(Items listed in a dataset)

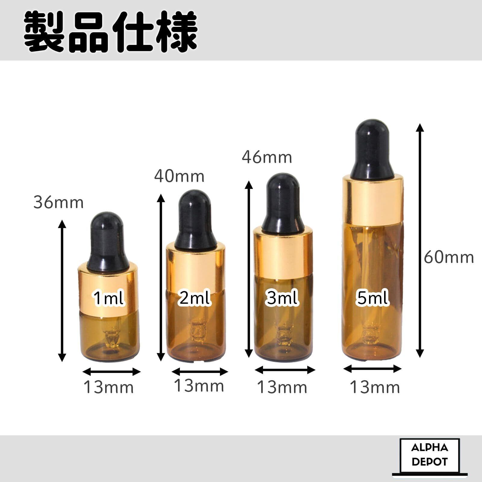 【サイズ】1ml:36 * 13mm / 2ml:40 * 13mm / 3ml:46 * 13mm / 5ml:60 * 13mm
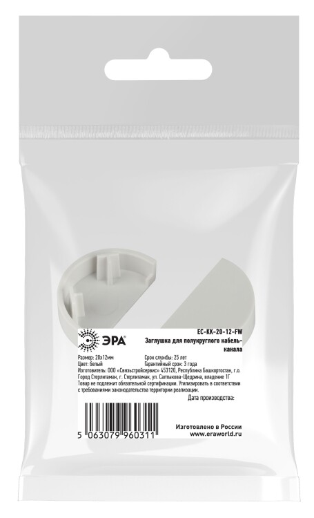 Заглушка ЭРА EC-KK-20-12-FW для полукруглого кабель-канала белая 20х12мм 2шт/комплект
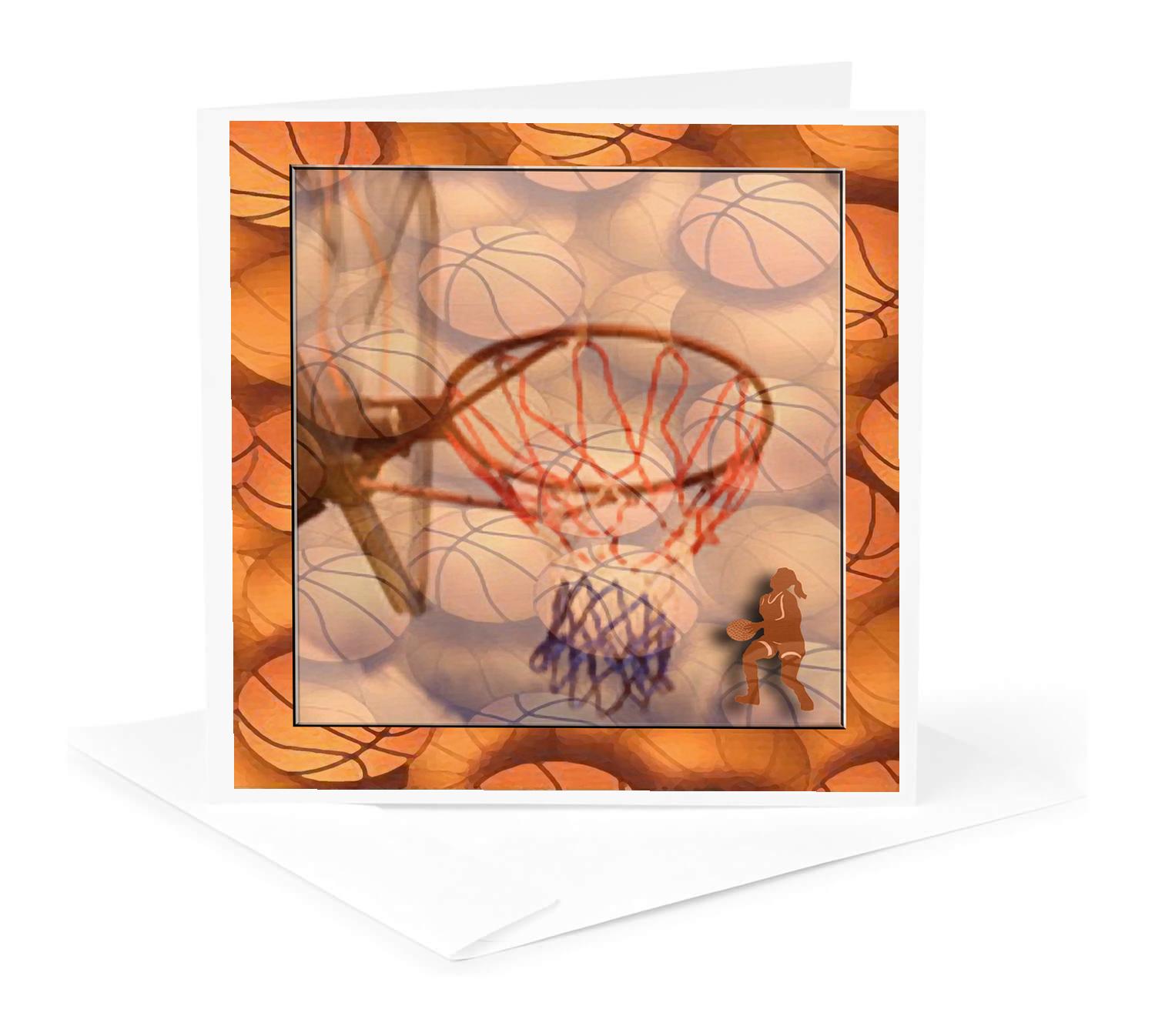 Girl Playing Basketball Greeting Card is a great way to say "thank you" or to acknowledge any occasion. These blank cards are made of heavy-duty card stock that allows for smudge free writing. Cards are creased for easy folding and come with white envelopes. Available individually or in sets of 6 and 12. Made in USA.
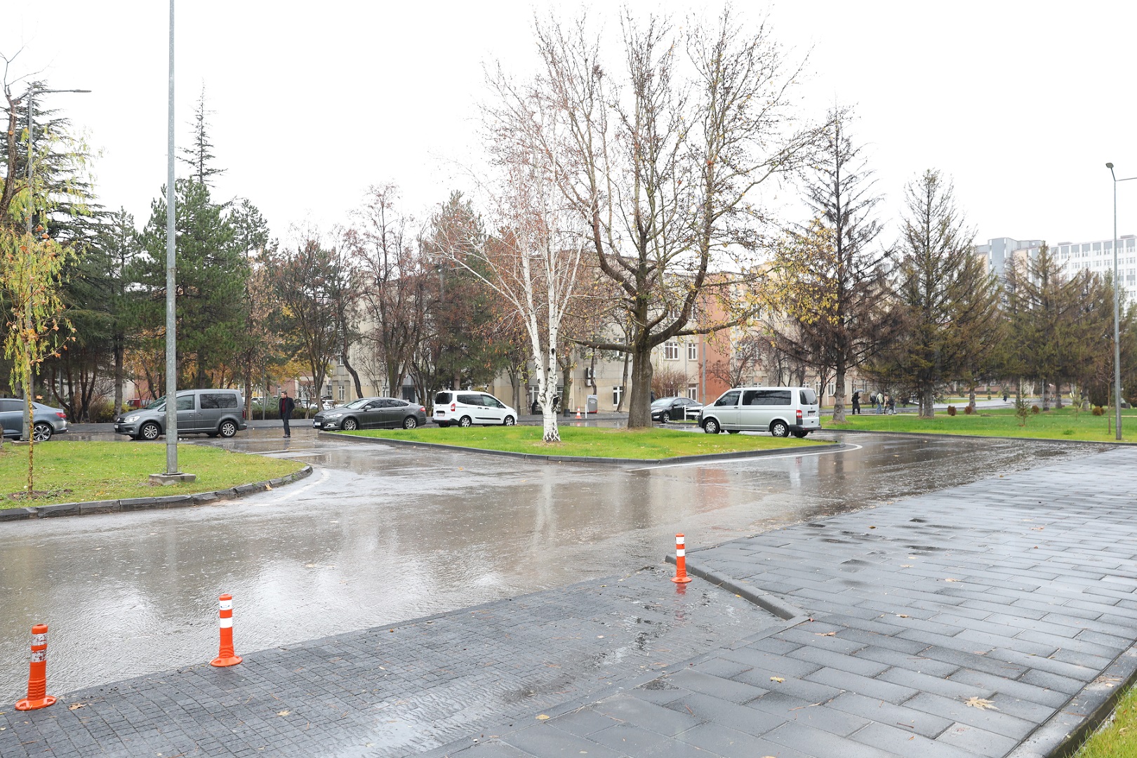 yaya yolları yenilenirken, yeşil alan genişletildi. Yaya yolları, otoparklar,
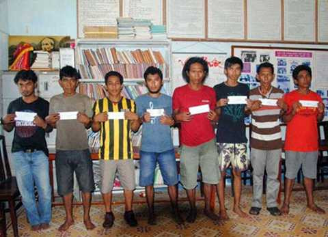 | 8 nghi phạm cướp biển bị bắt tại đảo Thổ Chu (Ảnh do Tư lệnh Hải quân Hoàng gia Malaysia Tan Sri Abdul Aziz Jaafar công bố) (Ảnh: Người lao động) |
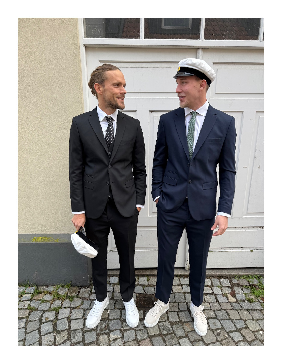 Figurnära modell med tvåknappsknäppning.

[Work task] Go back to the entries above and restate word for word every line from the first through the one that contains "lao động) |", leaving the pictures behind.

[Expected answer]
 【サイズ】1ml:36 * 13mm / 2ml:40 * 13mm / 3ml:46 * 13mm / 5ml:60 * 13mm
 Заглушка ЭРА EC-KK-20-12-FW для полукруглого кабель-канала белая 20х12мм 2шт/комплект
 Girl Playing Basketball Greeting Card is a great way to say "thank you" or to acknowledge any occasion. These blank cards are made of heavy-duty card stock that allows for smudge free writing. Cards are creased for easy folding and come with white envelopes. Available individually or in sets of 6 and 12. Made in USA.
 yaya yolları yenilenirken, yeşil alan genişletildi. Yaya yolları, otoparklar,
 | 8 nghi phạm cướp biển bị bắt tại đảo Thổ Chu (Ảnh do Tư lệnh Hải quân Hoàng gia Malaysia Tan Sri Abdul Aziz Jaafar công bố) (Ảnh: Người lao động) |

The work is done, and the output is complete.